Paris 2016: Day Three
Much like we did on Day Two, we kickstarted day three with a substantial breakfast at our hotel. I really love having breakfast when I’m on vacation, and I always try to taste as many different things as I can from the buffet. I particularly enjoyed the scrambled eggs here, which were served straight out of the pan and were absolutely delicious.
Clearly, having a proper breakfast was the right call, as we had a long day ahead and we were hoping to make the most of it. We started off by grabbing two bicycles from the Velib’ station right in front of the hotel. The previous day we walked too much and ended up completely exhausted, so this time around we tried to save some energy by using public transport whenever possible.
Our first stop of the day was to be the mythical Tour Eiffel. We rode our bikes along the Seine for a while, until we eventually reached Champ de Mars. We didn’t have any problem finding a spot to leave the bicycles, which is a rarity in central Paris.

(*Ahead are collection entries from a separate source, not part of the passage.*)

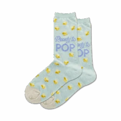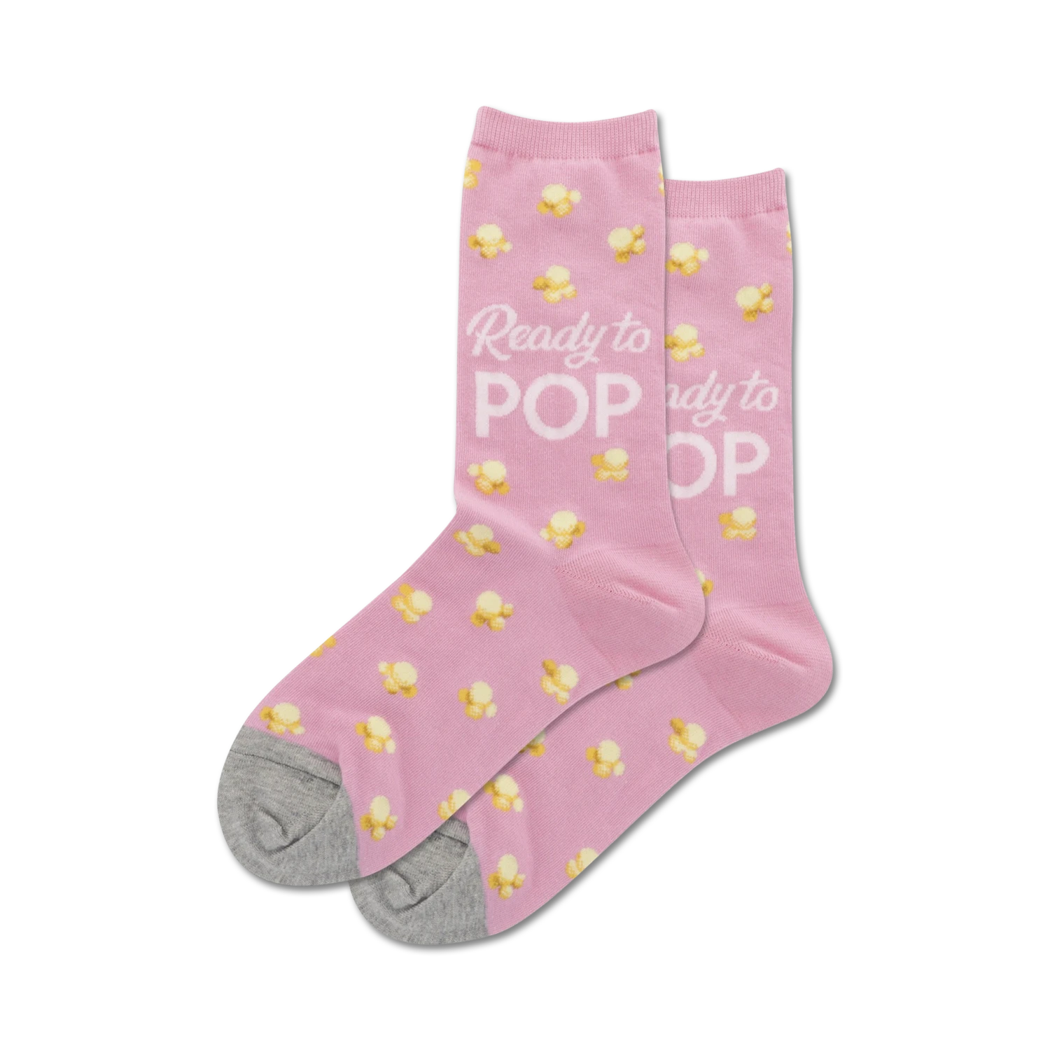 These “Ready to POP” socks are bursting with fun! Show off your popcorn pride with these bold pink women’s crew socks. Corn-y jokes optional.
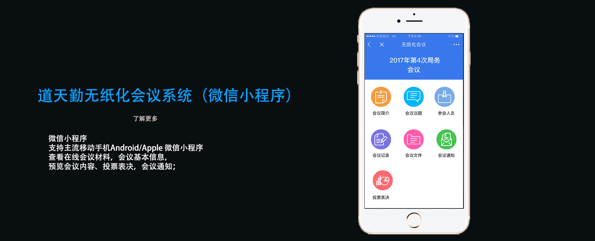 广州道天勤科技有限公司是国内首家基于自主研发无纸化会议交互系统的高新技术企业,以成熟的软件研发技术与标准化的流程方法自主开发—套具备跨平台功能的无纸化会议交互系统,领先于传统行业的创新能力和资源整合能力。技术分工明确,由需求调研组、架构设计组、美工设计组、程序开发组、软件测试组、技术服务组、研发管理部门进行设计研发流程。道天勤以标准化的产品进行研发生产,统—的业务流程进行资源管理。道天勤秉承 “道法自然“ 哲学理念,利用目前现有的创新技术,自主研发一套独特的无纸化会议交互系统。三大企业优势:1、首家基于移动互联网技术无纸化会议系统的高新技术企业2、首家研发移动平板无纸化会议软件、升降触摸终端、会议预定管理、集中控制管理功能的会议系统研发企业3、首家具备无纸化会议系统最专业的开发团队和强大的研发定制能力三大核心技术:1 、首创DTQ同屏演示利用触屏轨迹跟踪和触屏轨迹仿真技术,支持上百客户端同时并发,且理论延时<100ms 2 、首创无纸化会议系统同步备份机制以及DTQ
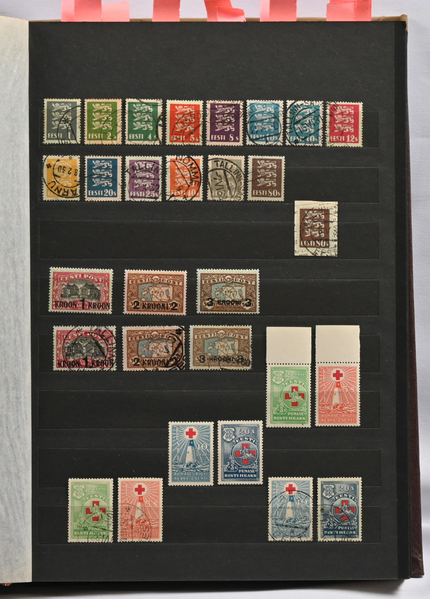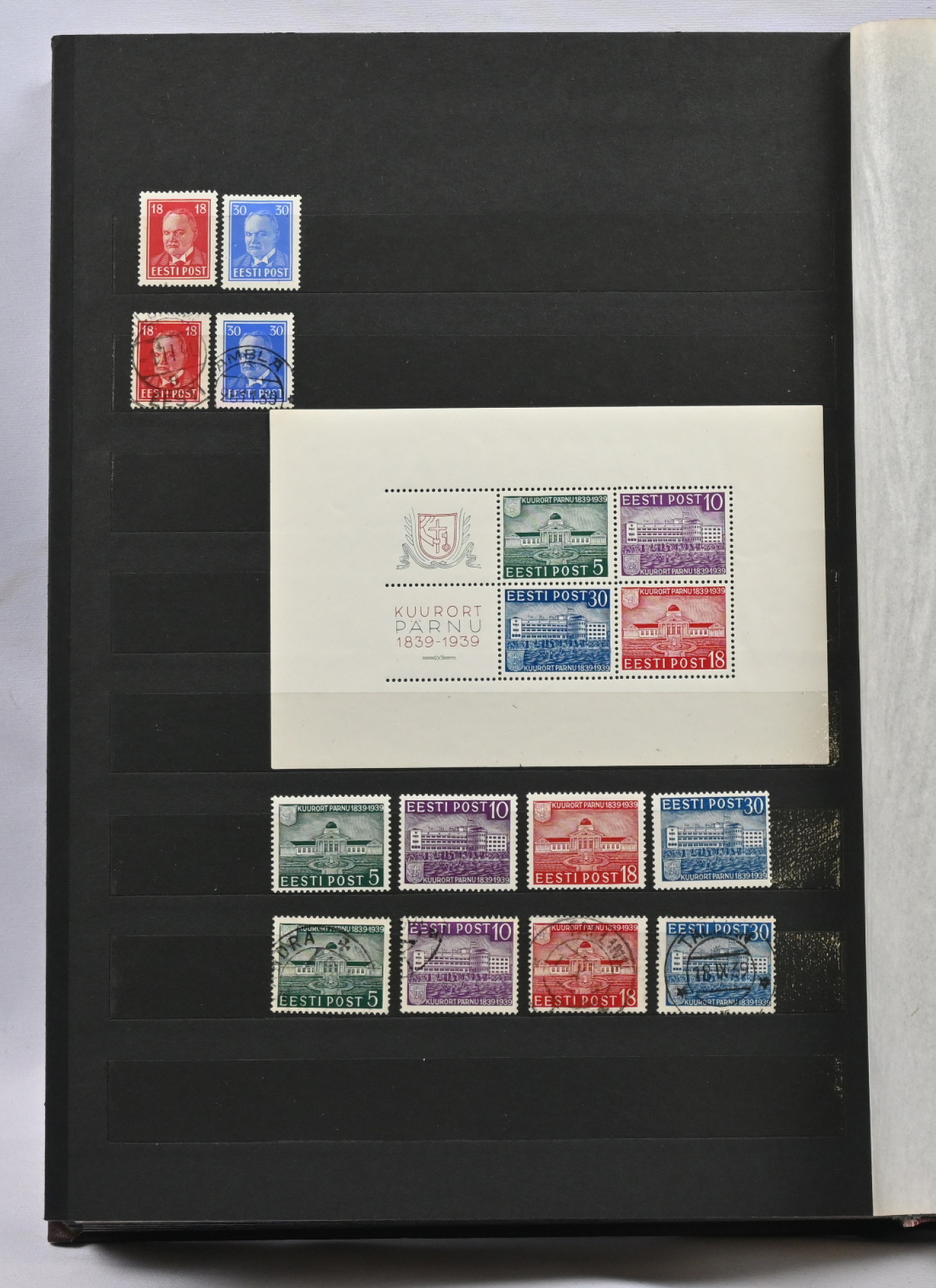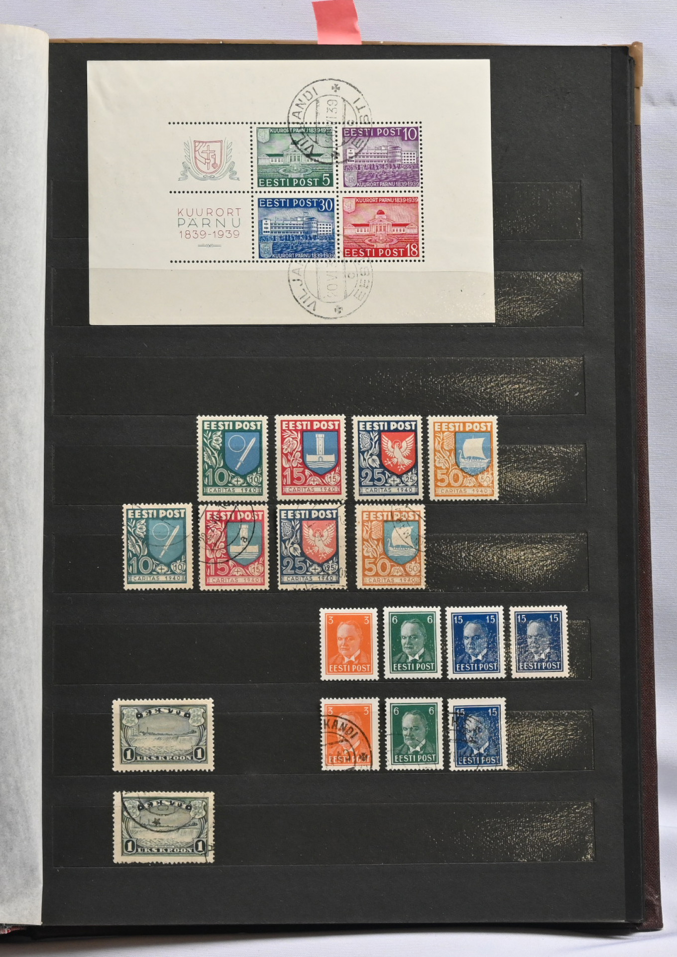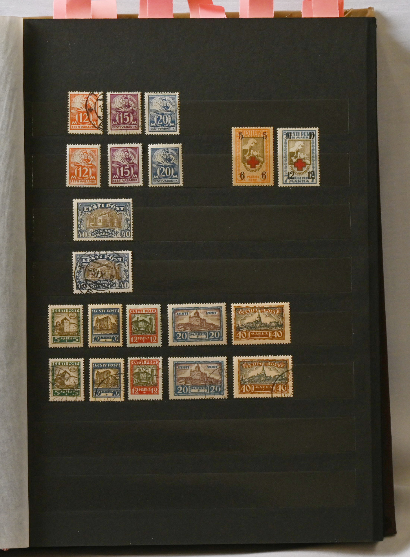 1918 - 1940 Hyvä **/*/o kokoelma säiliökirjassa. Käytännössä täydellinen päälajien osalta. Suurin osa merkeistä sekä leimattuna että käyttämättömänä (**/*). Kaikki pienoisarkit, Caritas-merkkien ryhmiä (mm. 1937 postituoreet kuusilot), kaikki Päts-merkit postituoreena jne. Jotkut käyttämättömistä merkeistä saaneet kosteutta ja ovat osin tarttuneet kiinni sivuihin. Irrotettaessa saattaa tarttua mustaa paperia. Kuitenkin hieno kokoelma. Nähtävä!
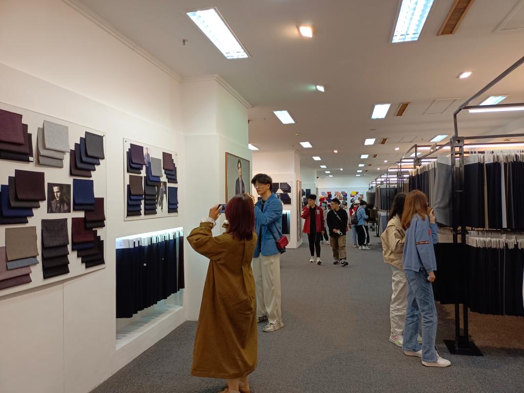 在阳光集团,师生一行观看了企业宣传片,深入了解企业发展与创新之路,随后参观了阳光集团高档服装生产车间、纺纱车间、染整车间、制衣车间和智能纺织车间,并在企业工作人员的详细介绍下,了解了阳光集团先进的纺织设备、纺纱流程和服装制作流程。在产品展示厅和荣誉展厅,通过近距离接触,了解先进毛纺技术和优秀制作案例。
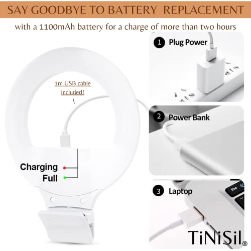 TiNiSil Luce Ad Anello Per Videoconferenza, Webcam e Computer Portatile, Selfie Ring Light Touch Con Clip Gommata, 3 Tonalità, Rotazione a 360° e Inclinazione a 55° Per Trucco, Video, Foto e Lettura
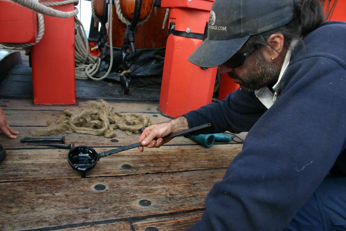 Boatswain Ant pouring the pitch on the top of the Oakum
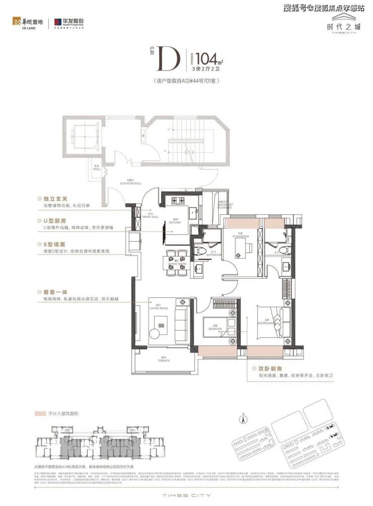 「时代之城·雲墅」营销中心热线💹💹:400-8855-420☎☎建面约104㎡3房2厅2卫,八批次总价约507-585万,经典动静分离户型,三开间朝南,独立玄关,U型厨房,预留分户S墙设计,可释放厨房冰箱空间!

Almost every Velib’ station we saw around the Louvre, for example, was completely full of bicycles, and finding an empty slot is never an easy task.
Once we got rid of the bicycles we stayed close to the tower for a while. The Eiffel tower is the place in Paris to take pictures, so there were plenty of tourists hanging around, and also plenty of people waiting in line to go up to the top. We would have liked to go up ourselves, but unfortunately the top deck was closed due to poor weather and almost zero visibility. We also didn’t really want to queue up for hours just to go up to the first deck, so we left after a few minutes.
After that, we went to Place du Trocadéro, where the Palais de Chaillot is located. There’s a great vantage point there from which you can take wonderful pictures of the Eiffel tower, so we spent a few minutes there playing around with the camera, too.
Then we went to Le Grenier à Pommes, a nearby crêperie where we enjoyed a fine meal, and walked along Avenue Kléber until we eventually reached the Arc de Triomphe, another one of the most recognizable monuments in Paris.
The Arc de Triomphe sits at the center of twelve radiating avenues, the most famous of which is, of course, the Champs-Élysées, which runs to the east until Place de la Concorde.
The Arc de Triomphe also marks the center of the Axe historique, a line of monuments, buildings and thoroughfares that extends from the Louvre to the west, all the way up to La Grande Arche de la Défense. So very French, is it not?
Ready to defy the quickly worsening weather, we decided to get up to the top of the Arc de Triomphe to better appreciate the view. After waiting in line for about 30 minutes and climbing up a seemingly endless winding staircase, we finally got there and truth be told, it was well worth the effort.
Unfortunately, by the time we reached the top it was already dark and it had started raining, so it wasn’t as great an experience as we had hoped. Besides, my picture-taking obsession was already testing the limits of Miriam’s patience, so after a short while at the top, we climbed all the way back down, headed into the nearest Metro station and went back to the hotel for a tactical break.
♢
Since we hadn’t gotten too tired that day, the night presented another opportunity to explore, which we gladly seized. We made a dinner reservation at Les Tantes Jeanne, a wonderfully elegant restaurant in Montmartre that specializes in meat. The plan was to enjoy a nice dinner and then take a walk around Montmartre and perhaps have a drink or two.
We dressed up a bit in order to fit in with the restaurant’s classy clientele — not that we normally wouldn’t, of course — and went there at about 22:30 which, as it turns out, is a bit on the late side for dinner in Paris. We were welcomed by the maître, who was was so knowledgeable about everything that he must surely spend his evenings teaching advanced String Theory while solving a Rubik’s cube with his feet.
Luckily, the food itself was just as well prepared as the maître, and everything we ordered turned out to be spectacularly great. I had the carré d’agneau, and Miriam had the magret de canard, both of which were cooked to perfection. We also shared a nice bottle of Bourgogne and finished the meal with a café noisette, as one does in these places. The only thing I didn’t like about that dinner is that it ended way too soon.
Then, with our bellies successfully packed with exquisite French food, we took a brief walk to see the famous Moulin Rouge, which was very close. The Moulin Rouge is a surreal place, one that must be visited at night in order to witness the full experience.
After that, we thought about having a drink but it was already too late and we wanted to come back to Montmartre the next morning anyway, so we decided to call it a night.
All in all, this was a great day, but there was still more to come.